Хадиже – сорок. Открытое волевое лицо, серые глаза. Говорит увлеченно и с напором. В ее речи постоянно проскальзывают фразы – «по исламу» или «не по исламу». И жизнь свою она старается строить в соответствии с нормами религии. Грозный для Хадижи родной город, она родилась и выросла тут. Мы идем по ее району, он недалеко от центра.

— Вот сюда в подвал федералы бросили гранату, все, кто там прятался, погибли, вот здесь жила русская девушка, ее похитили во вторую войну боевики, так она и исчезла, а вон туда, на угол, приезжал фургончик с хлебом, другой еды тогда не было. Переехали в Ингушетию.

Чтобы прокормиться, в двухтысячном году я начала заниматься сетевым маркетингом. Распространяла косметику, стиральные порошки, парфюмерию. Подписалась сразу на несколько фирм, взяла товар в долг, набила свою комнату коробками так, что пройти негде. Зато у меня появились деньги! В 2010 вернулась в Чечню, а тут… Даже те банки, которые якобы работают по шариату берут проценты за ссуду. И товар в долг не взять: «Утром деньги, вечером стулья».

Владелицы ходили жаловаться в мэрию. Но их избили дубинками и разогнали

На работу в Чечне устроиться невозможно. Хоть ты несколько образований имей. Нужны деньги, либо связи хорошие. За деньги можно купить себе место, какую-нибудь должность. Но надо понимать, если сменится директор, он приведет своих людей, а ты вылетишь. И никакой суд тут не поможет, все места продаются. Чтобы не платить непонятно за что, я продолжила работать на себя. Торговала косметикой, а потом начала строить структуру, в которой я получаю процент от продаж других участников. Бизнес пошел в гору.

woman wearing red hijab
Photo by Ekrulila on Pexels.com

После определенного порога дохода закон требует регистрации индивидуального предпринимательства. Зарегистрировала, работала с несколькими компаниями одновременно. «Орифлейм», «Ламбре», «Фаберлик». Это позволило мне помогать родителям, содержать детей и мужа.

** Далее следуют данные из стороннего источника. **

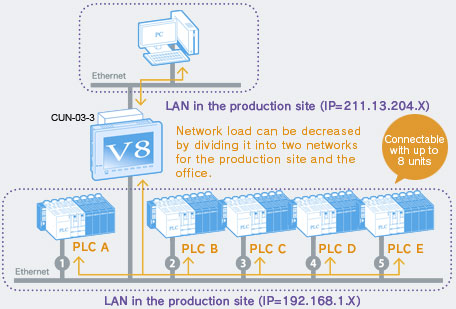 For example, data can be transferred between the production site and the office freely by using a V8. V8 works as the gateway of multiple networks of the production site and the office without increasing data load on the networks.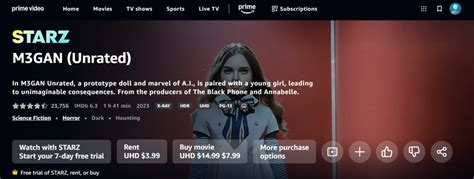 Another option is to rent or buy M3GAN on platforms like Amazon Prime Video , Google Play Movies , Apple TV , or Vudu . This is a pay-per-view method, so you’ll only pay for what you watch. Renting usually gives you a 48-hour window to watch the movie, while buying gives you unlimited access. If you’re not ready to commit to a full subscription but still want to watch M3GAN , renting or buying might be the perfect choice for you. This method gives you flexibility and ensures you only pay for the content you consume.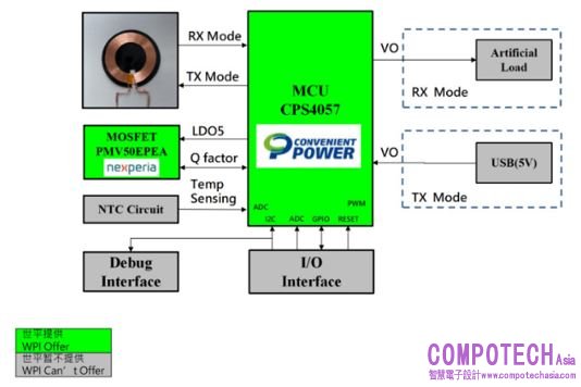 易沖半導體(ConvenientPower)是國際無線充電盟WPC共同創始人之一,也是全球第一家推出兼容Qi標準產品的公司。本方案中採用的CPS4057是一個高效且符合Qi協議的無線充電接收/發送集成系統。其接收端方案兼容Qi-BPP/QI-EPP標準,能夠提供5W/10W/15W/50W輸出功率。發射端方案支援輸入電壓5-10V,能夠提供5W輸出功率。同時,CPS4057有原廠提供配套的E-link燒錄器,可以通過I2C進行通訊。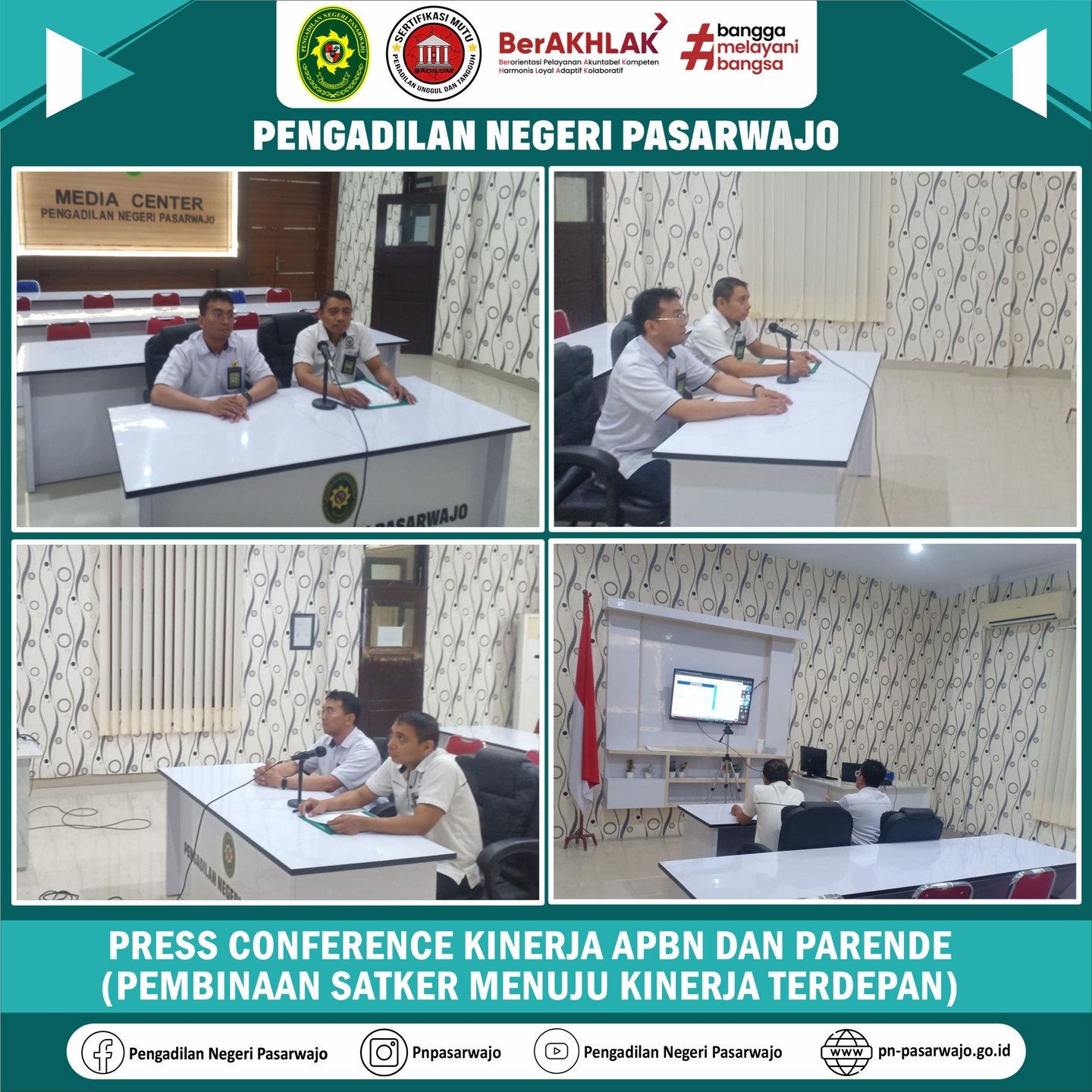 Pasarwajo | Senin, 27 Oktober 2025, Staf Pengelola Keuangan mengikuti kegiatan Press Conference Kinerja APBN dan PARENDE (PEMBINAAN SATKER MENUJU KINERJA TERDEPAN). Kegiatan tersebut diikuti secara daring di Ruang Media Center Pengadilan Negeri Pasarwajo.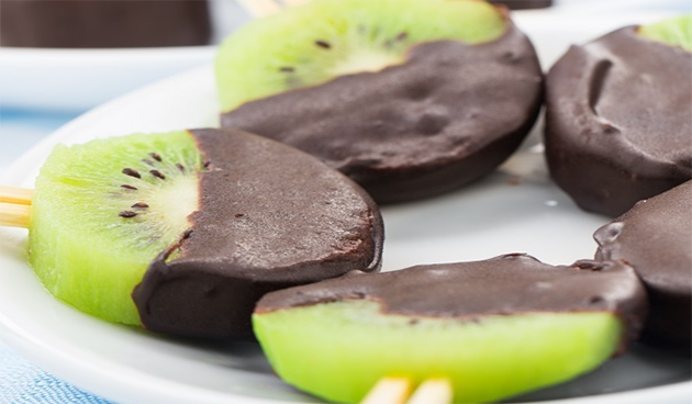 Киви очистить от кожуры и порезать на толстые кружочки (примерно по 8 мм). Вставить в каждый кружочек палочку и обмакнуть киви в растопленный шоколад до середины.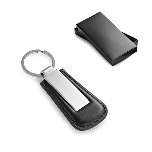 Portachiavi in metallo e similpelle. Fornito in confezione regalo. 38 x 76 x 9 mm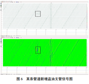 某條管道在內檢測完成兩年后首次進(jìn)行了打孔盜油專(zhuān)項內檢測,除識別出已修復的100多處盜油閥門(mén)外,現場(chǎng)開(kāi)挖又發(fā)現6處新增盜油支管,圖 6為一處新增支管的信號圖,圖 7為該支管現場(chǎng)照片。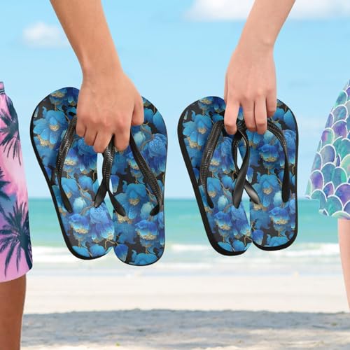 Flip Flop Sandals Elegant Blue Floral Print for Women Men Beach Outdoor XS 5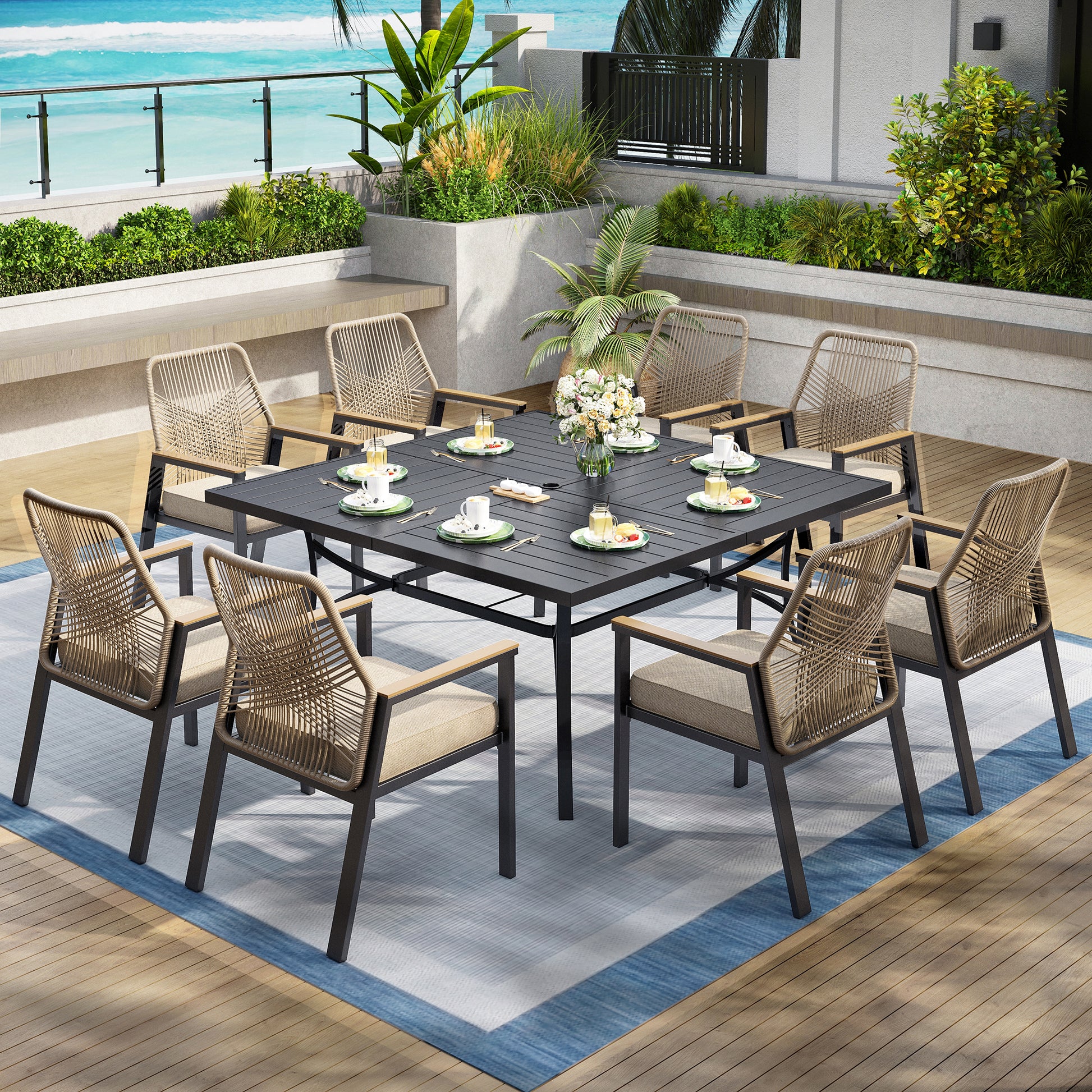 Captiva Designs 9pc Patio Dining Set with Spacious Slat-top Square Metal Table & Beige Rattan Chairs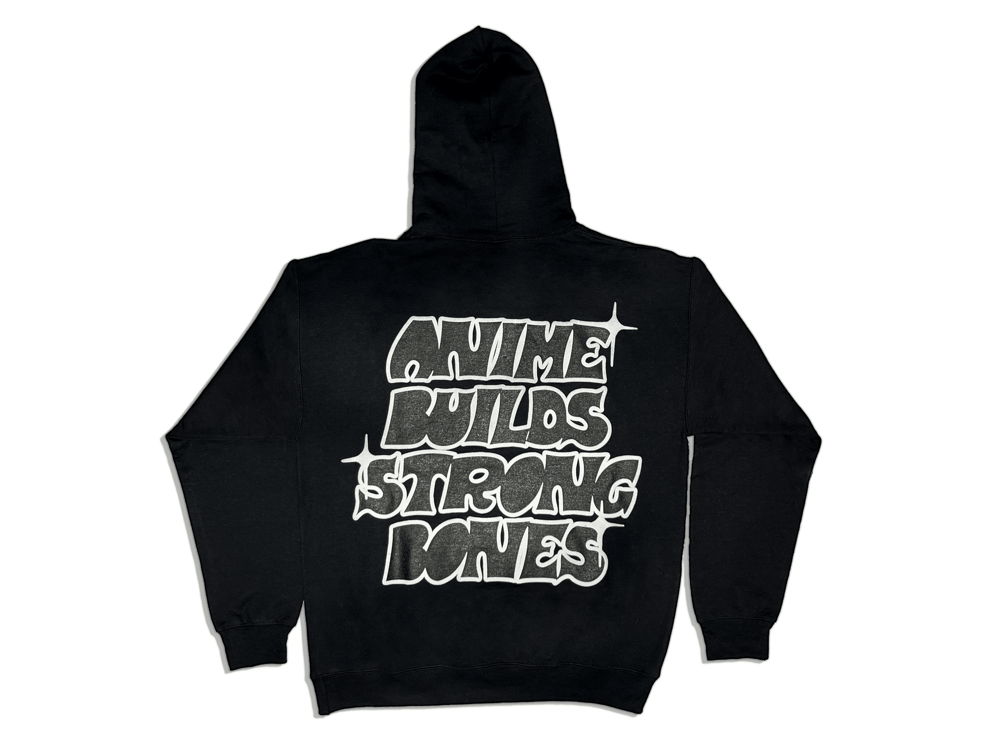 Anime Strong Bones Puff Print Hoodie - Black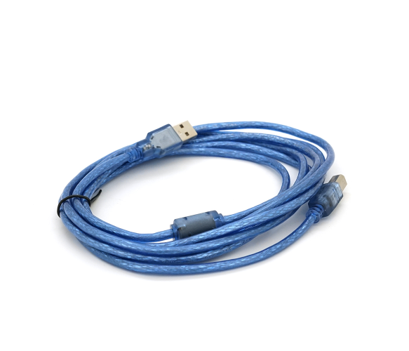 Цей кабель USB 2.0 має роз'єм типу A Male і B Male, що дозволяє підключати пристрої з різними роз'ємами. Довжина кабелю становить 3.0 метри, що забезпечує зручність при підключенні пристроїв на великій відстані. Присутність фериту на кабелі допомагає у зниженні перешкод та електромагнітних інтерференцій. Колір кабелю – прозорий синій.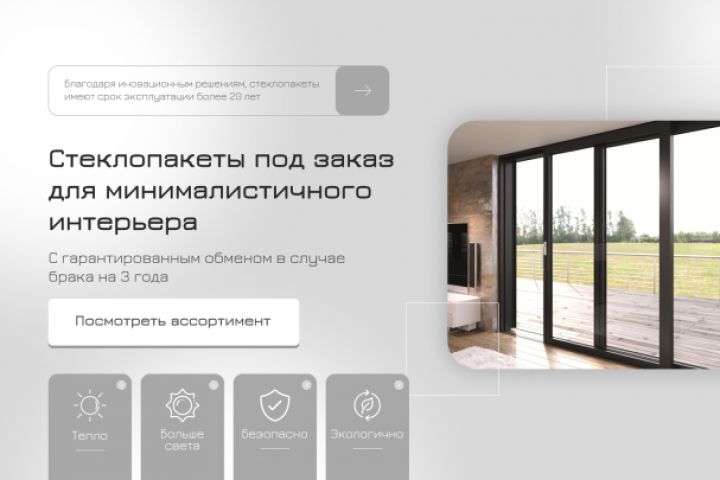 Минималистичный стиль. Строгие цвета дополняют концепцию бренда по продаже стеклопакетов. Программы используемые для дизайна: Adobe Photoshop; Figma.
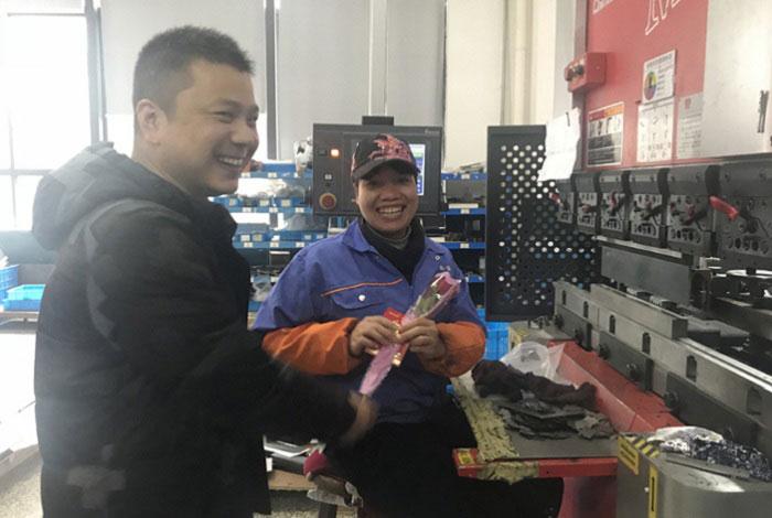 3月8日,維融股份組織開(kāi)展“三八”婦女節(jié)女職工慰問(wèn)活動(dòng)。公司黨支部、工會(huì)、女職委一行人,走近車間,為工作在各崗位的女職工送上鮮花和紅包,獻(xiàn)上節(jié)日祝福。據(jù)了解,“三八”婦女節(jié)給女職工發(fā)福利的傳統(tǒng)在維融中已持續(xù)了10多年。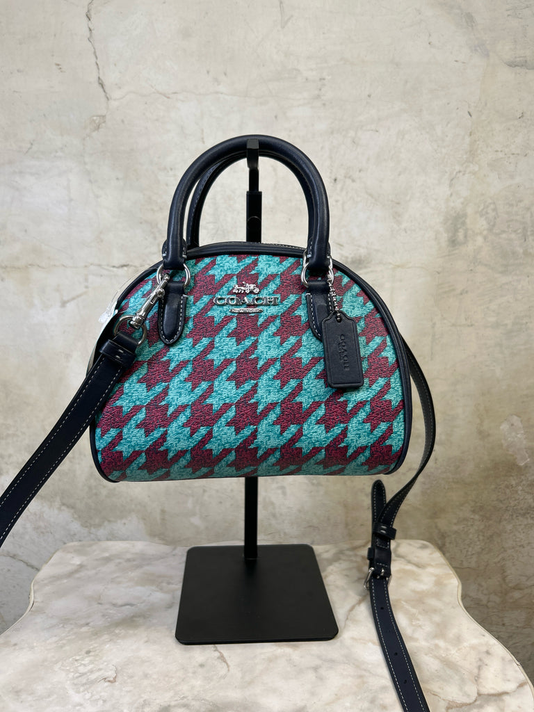 COACH BLUE/PINK Houndstooth Sydney Satchel Purse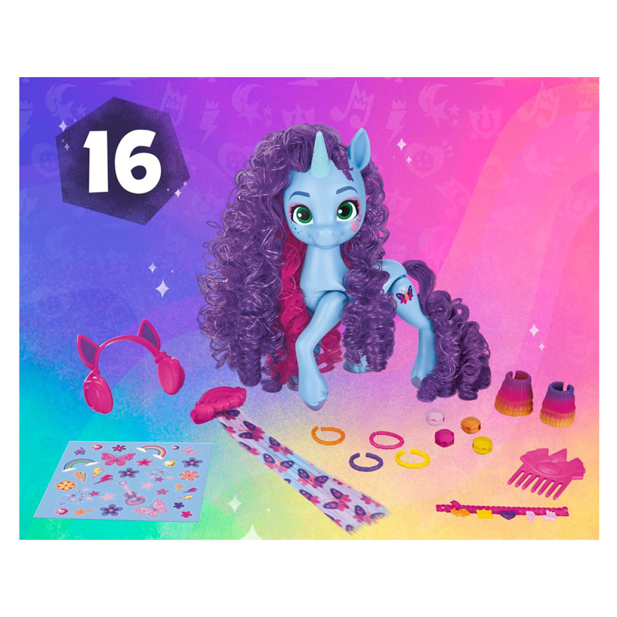 Pasinerkite į magišką Equestrios pasaulį ir kurkite išskirtinius stilius su vienaragiu Misty Brightdawn, žinomu iš serijos „My Little Pony: Make Your Mark“. Rinkinys sukurtas vaikams, kurie mėgsta šukuoti, persirenginėti ir personalizuoti savo mėgstamus herojus.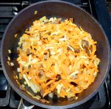 Добавить коренья в сковороду. Жарить до прозрачности лука.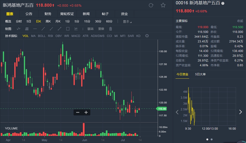 截至7月13日10:19,新鸿基地产涨0.68%,报118.8港元。
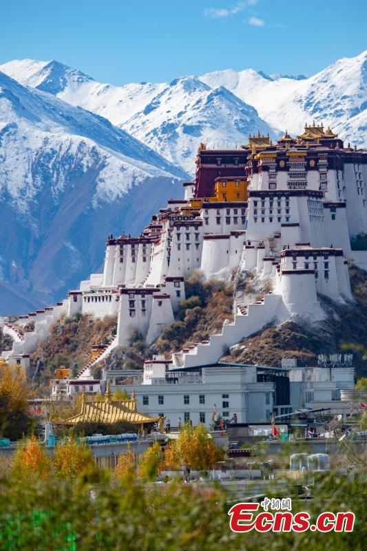 Photo shows the scenery of Potala Palace after snow in Lhasa, southwest China's Xizang Autonomous Region, Nov. 6, 2024. (Photo/China News Service)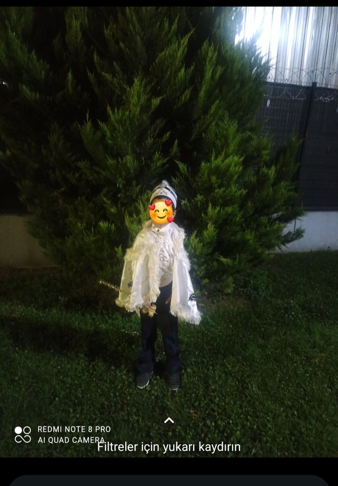 sünnet kıyafeti şapkası gömleği papyonu pantolonu kemeri maşallah yazısı asasi ve pancosu kısaca tüm parçaları vardır sadece bir kez giyildi tertemizdir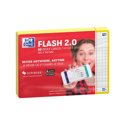 Oxford Flash 2,0 flashkort A6 105 x 148 mm, rutig, 5 mm, gul, 80 stycken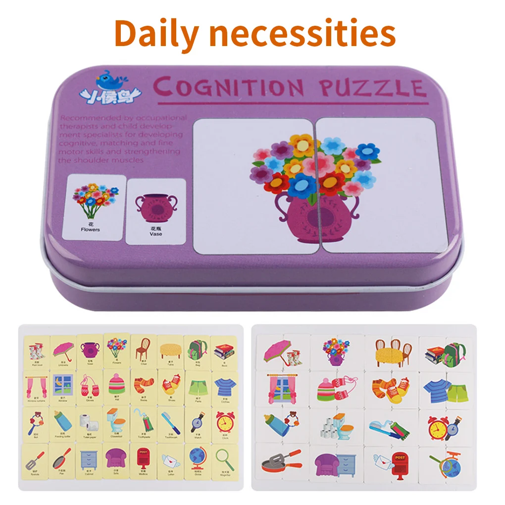 Kids Baby Cognitive Puzzle Cards Montessori Educational Toys Matching Game Cartoon Vehicle Animal Fruit English Learning Cards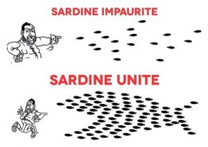 Forse ci speravano, ma certo non se lo aspettavano, i quattro ragazzi bolognesi, che nei giorni scorsi hanno chiamato a raccolta in piazza Maggiore nel nome delle sardine, sembrano riusciti nell’impresa di diffondere il loro marchio: dopo il successo della manifestazione bis di Modena, iniziative analoghe si stanno autorganizzando in molte parti d’Italia, da Reggio Emilia a Palermo, da Roma a Bari, da Sorrento a Catania.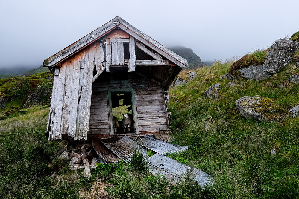 Même lieu, même date : la cabane du mouton (pour une vision plus classique des Lofoten, voir aussi ce panorama)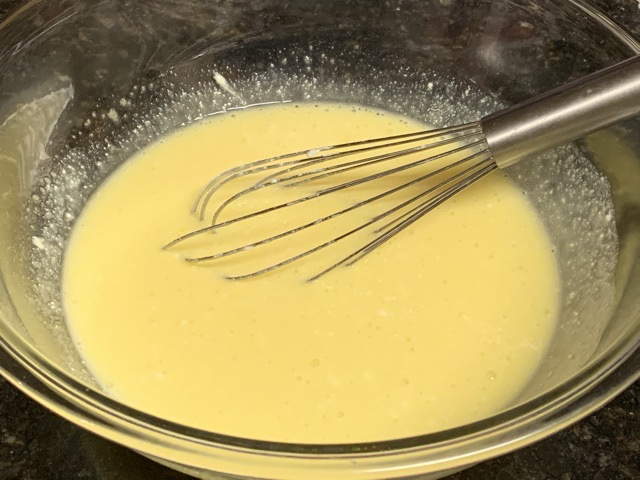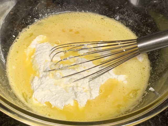 - Mettre la mélange dans un saladier. Ajouter les œufs et fouetter bien.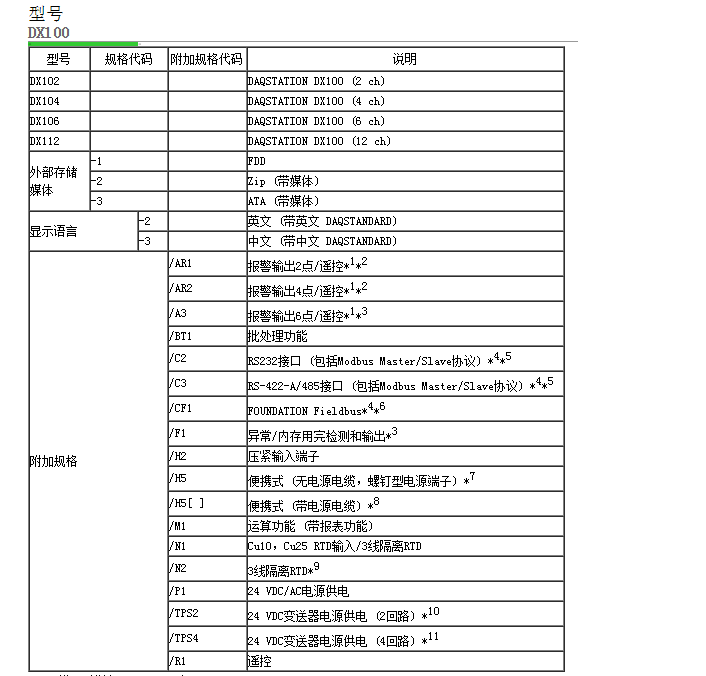 | *1 不能同時指定/AR1、/AR2和/A3。 *2 指定/AR1或/AR2后,不能指定/R1。 *3 指定/A3后,不能指定/F1。 *4 不能同時指定/C2、/C3和/CF1。 *5 使用Modbus Master功能,必須指定/M1。 *6 指定/CF1后,必須同時指定/M1。 *7 同時指定/P1和便攜式時,必須指定/H5不能同時指定/P1和/H5[ ]。 *8 /H5[D、F、R或J ] D:電源線UL、CSA標準 F:電源線VDE標準 R:電源線SAA標準 J:電源線BS標準 *9 不能對DX102和DX104指定/N2 *10指定/TPS2后,不能指定/TPS4,/AR2或/A3。 *11指定/TPS4后,不能指定/TPS2,/AR2,/A3或/F1。 |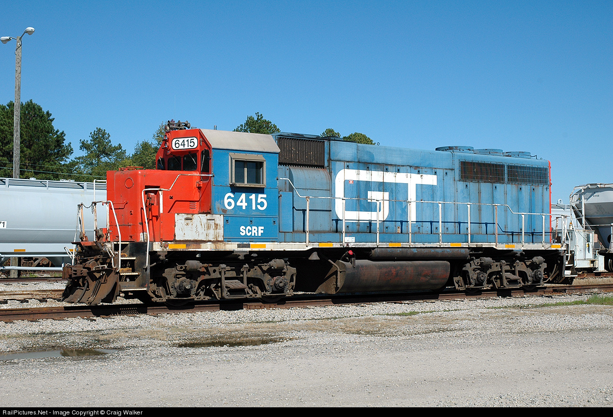 Soaking up the October sun (and blending in with the sky) in Floyd, South Carolina, is South Carolina Central GP40-2 6415. As evidenced by this engine's markings, this is a former Grand Trunk Western diesel (GTW 6415), who obtained it from the Detroit Toledo & Ohio (DT&I 415). This engine was owned by RMPX before arriving at the SCRF, and RailAmerica (SCRF's parent company) transferred it to the CF&E in Lima, OH in March 2012.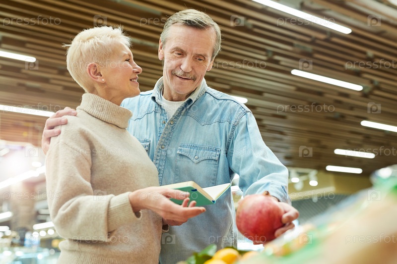 Улыбающаяся старшая пара покупает продукты на фермерском рынке

Выживала, выкручивалась.

Не было никаких льгот. Оформлять мизерное детское пособие от государства — себе дороже. Приходилось неделями собирать справки, документы. В каждой инстанции огромные очереди. Мне есть, с чем сравнить. Я была в Москве, в Краснодаре, Пятигорске. Нигде таких очередей нет. Помню, в восемь утра отвела детей в садик и к девяти пришла в пенсионный фонд. Была там сорок седьмая по счету. К концу рабочего дня я попала на прием. И все ради одной стандартной справки.

Бизнес мой сгорел в буквальном смысле. Из-за неправильно смонтированной проводки коротнуло электричество. Огонь уничтожил у меня товар почти на три миллиона, но никакой компенсации я не получила. Администрация рынка не понесла ответственности, несмотря на многих свидетелей замыкания. Никто из арендаторов, в основном это женщины, не получил акт о пожаре. А без этого не подашь в суд. Владелицы ходили жаловаться в мэрию. Но их избили дубинками и разогнали. У одной случился инсульт и вскоре она умерла.

Но закрыла я бизнес не поэтому. В 2015 году я прочитала, что все деньги, которые российские ИП платят в казну в виде налога, уходят на войну в Сирии. Я сразу закрыла фирму. Принципиально. Сейчас работаю продавцом.